= Puiu Dumitrescu =

Secretary of King Carol II of Romania (King of Romania)

Constantin “Puiu” Dumitrescu was the secretary to King Carol II of Romania.

In the 1920s, while in exile in Paris, Prince Carol hired Dumitrescu as his private secretary. The latter was a law student at the University of Paris; his father, general Constantin Dumitrescu, was in charge of military recruitment at Constanța. Wily and well informed, Puiu quickly earned the prince's confidence. He was convinced that the royal was being persecuted by the old political guard for his modernizing ideas. He sought to rally a large number of politicians and businessmen around his boss, promising rewarding positions at the heights of state and economy. This was the nucleus of an emerging royal camarilla.

Retained after Carol took the throne in 1930, Dumitrescu ended up the second-ranked figure in the camarilla, behind royal mistress Elena Lupescu. He received and send correspondence, and was the king's spokesman in his relations with politicians. An unscrupulous figure, he did not hesitate to obtain from Carol an appointment for his father as inspector general of the Romanian Gendarmerie. An admirer of the Iron Guard, in mid-1933 he successfully advised the king not to dissolve the fascist movement by royal decree, as proposed by foreign minister Nicolae Titulescu.

Dumitrescu's position had become untenable by early 1934. His ambivalent attitude to the assassination of Ion G. Duca and his relations with the Guard convinced the king to heed the request of Lupescu and fire Dumitrescu.

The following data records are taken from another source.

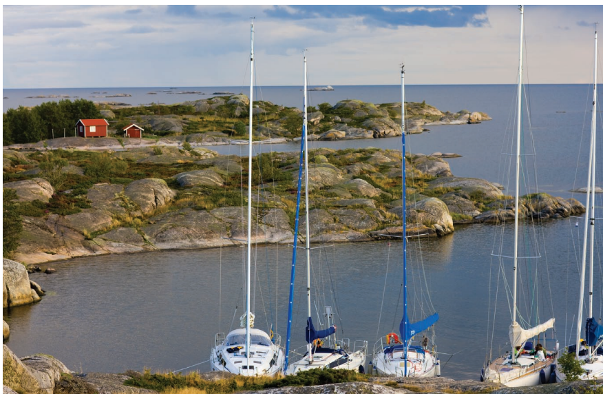
La Baltique dans le sud de la Suède.
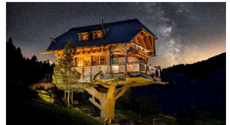
Wellnesshotel Tanne Baumhaus-Sauna
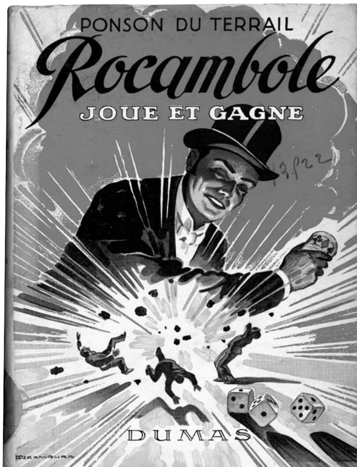
Ponson du Terrail, Rocamboles joue et gagne , Dumas, 1949
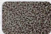
93 210 89 schwarz

Arbeitsanleitung: Nur auf staub- und fettfreie Untergründe auftragen. Kunststoffspitze abschneiden und Cristallicpaint auf eine Malpalette geben. Mit Spongschwamm (93 167 00) aufnehmen. Cristallicpaint auf den gewünschten Untergrund aufputzen. Für stärkere Effekte kann die Farbe nach kurzer Trocknungszeit nochmals aufgetragen werden. Ideal auch zur Verwendung mit selbsthaftenden Stencils. Für
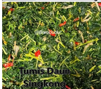
Tumis Daun Singkong
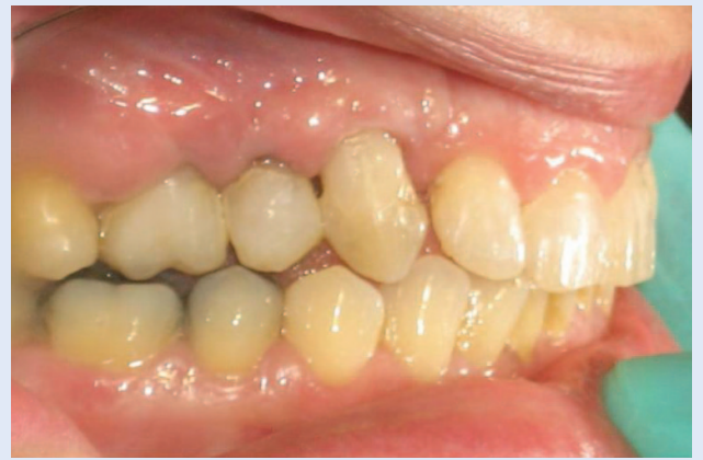
Slika 6d. Skinuta fiksna ortodonska naprava – bočni snimak Figure 6d. Condition after removal of fixed appliance – lateral view
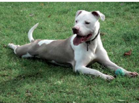
Abb. 3: Phänotyp Listenhund, Genotyp Listenhund (Tierschutzverein Hamburg)

Wird der Halter eines vermeintlichen „Listenhundes“ vor Gericht angeklagt, muss in den meisten Bundesländern bewiesen werden, dass der Hund tatsächlich der gelisteten Rasse angehört und sich der Besitzer im Sinne der landesspezifischen Hundeverordnung strafbar gemacht hat. Liegt kein Abstammungsnachweis vor oder sind die Elterntiere nicht bekannt, entscheidet ein Sachverständigengutachten anhand rassespezifischer Merkmale wie Phänotyp, Wesen oder Bewegungsablauf über die Rassezugehörigkeit. Potentieller Streitpunkt ist, dass solche Gutachten natürlich subjektiv sind und von der Erfahrung des Gutachters abhängen. Viele Kritiker sind zudem der Auffassung, dass die
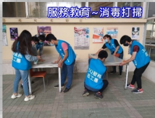
公用場所防疫消毒
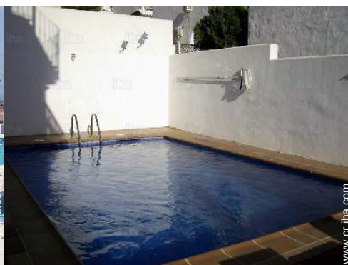
vista desde la piscina
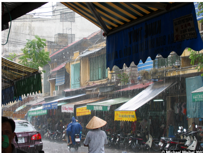
Phố Hàng Đường ngày mưa.

Ông vẫn miệt mài đi về giữa Đức và Việt Nam để hoàn thành dự án nghiên cứu về chất lượng không khí trong các tòa nhà và thúc đẩy việc sử dụng vật liệu xây dựng bền vững.
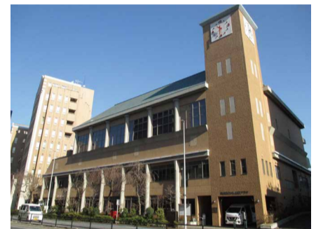
ひがし健康プラザ
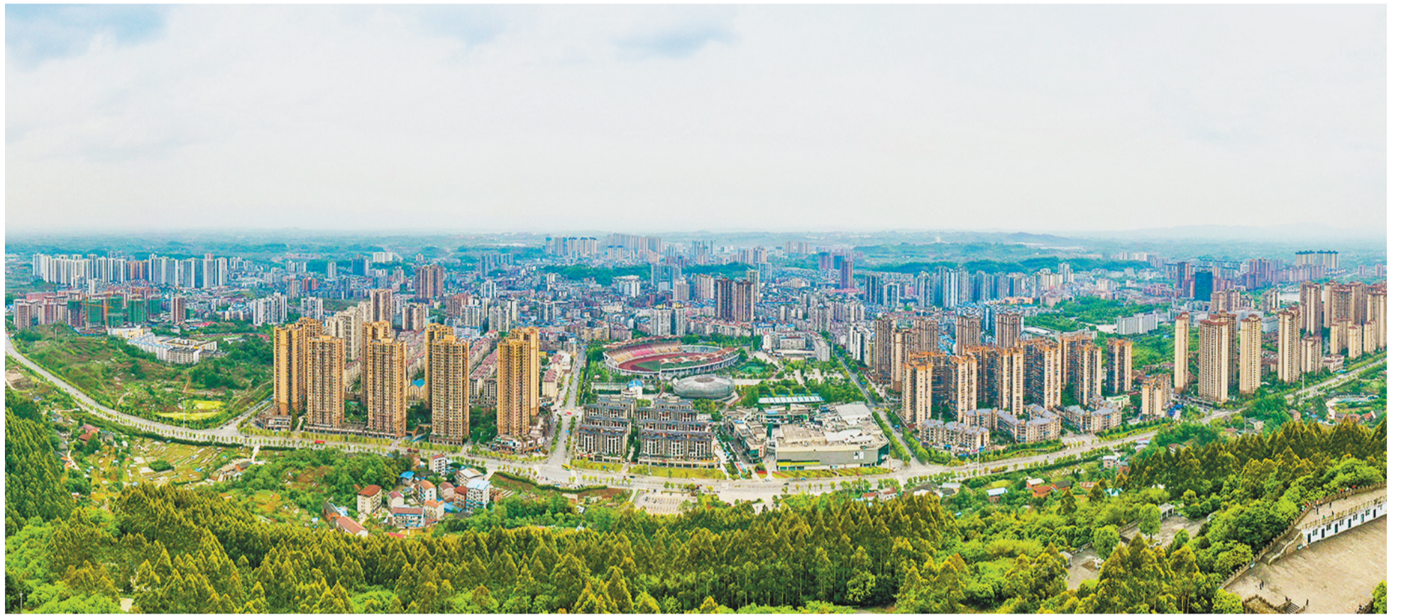
四月十八日，青山环抱下的垫江县城。

近年来，垫江县深入学习贯彻习近平总书记对重庆所作重要讲话和系列重要指示批示精神，紧扣“三区两地一节点”功能定位，构建城市化功能区、农产品主产区、农文旅融合功能区“三个功能区”，并以高新区建设工程、东部新区建设工程、明月山乡村振兴示范带建设工程、交通物流枢纽建设工程“四大工程”为重要抓手，奋力实现发展质量大跃升、城市能级大跃升、治理效能大跃升、生活品质大跃升、党建水平大跃升“五大跃升”目标，生态美、经济强、百姓富现代化新垫江美好蓝图正徐徐铺展。
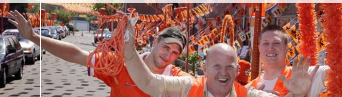
Bewoners van de Themansstraat in Doetinchem maken tijdens elk EK en WK er een feest van in hun straat.
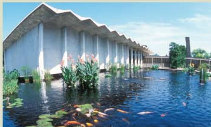
1960年代の設計である本館は、直立する樹木とその枝の広がり表現しています。
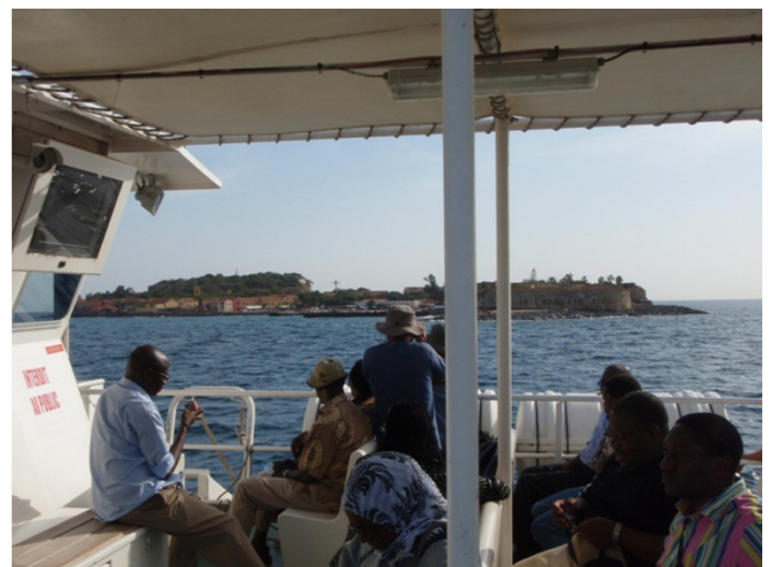
Ile de Goree in Dakar: world heritage site and this island was a shipping point of African slaves. The cannon in the left was installed by France during the World War II / ダカールのゴレ島：世界遺産であり、島は昔はアフリカ奴隷を送り出す場所だった。左の大砲は第2次大戦時にフランスが設置
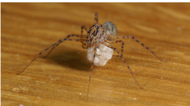
Abb. 12: Weibchen der Gewöhnlichen Speispinne ( Scytodes thoracica , 3–6 mm) tragen ihren Eikokon an den Kieferklauen

Euryopis quinqueguttata – Fünffleck-Ameisenkugelspinne: der wissenschaftliche Artname weist auf fünf Flecken hin,
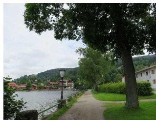
Weg entlang des Sees
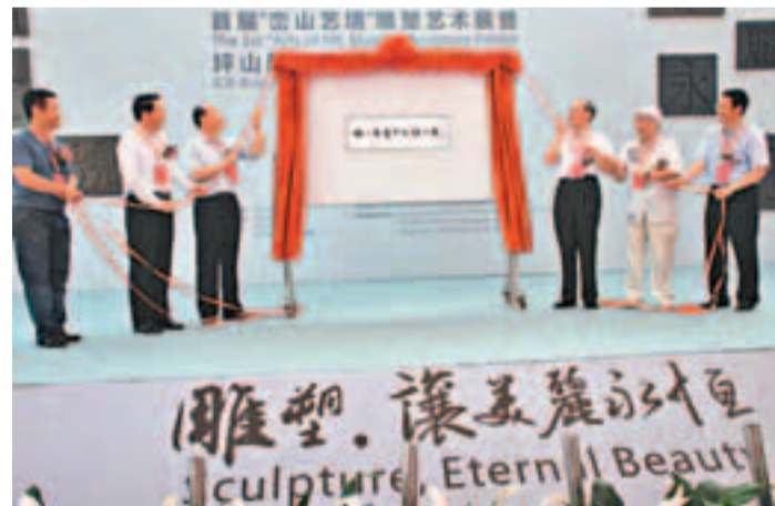
深圳市第八屆文博會分會場「坪山雕塑藝術創意園」揭牌。

Having reached a dizzying level of power and convinced that he was unassailable, the secretary had begun to believe that anything was permitted him. He even told the king that Lupescu, due to her luxurious lifestyle and haughty attitude, was creating a bad image domestically and abroad, and should be sent outside the country for a longer period of time. Moreover, the royal mistress had turned against Dumitrescu in the summer of 1933, when he began an affair with the widow Ella Manu. While Lupescu was on good terms with Dumitrescu's wife Jenny, she feared Manu. Moreover, the king came under pressure from his foreign minister, Titulescu, to fire his secretary.

Thus, in March 1934, Carol dismissed Dumitrescu, asking him to leave Romania. He settled in France, where he avoided politics altogether. All his subsequent efforts to re-enter the king's good graces, including groveling missives, came to nought. In May 1935, Dumitrescu's father was sent to prison for corruption offenses, dying shortly thereafter. His son's request for an autopsy was denied, leading to rumors of poisoning.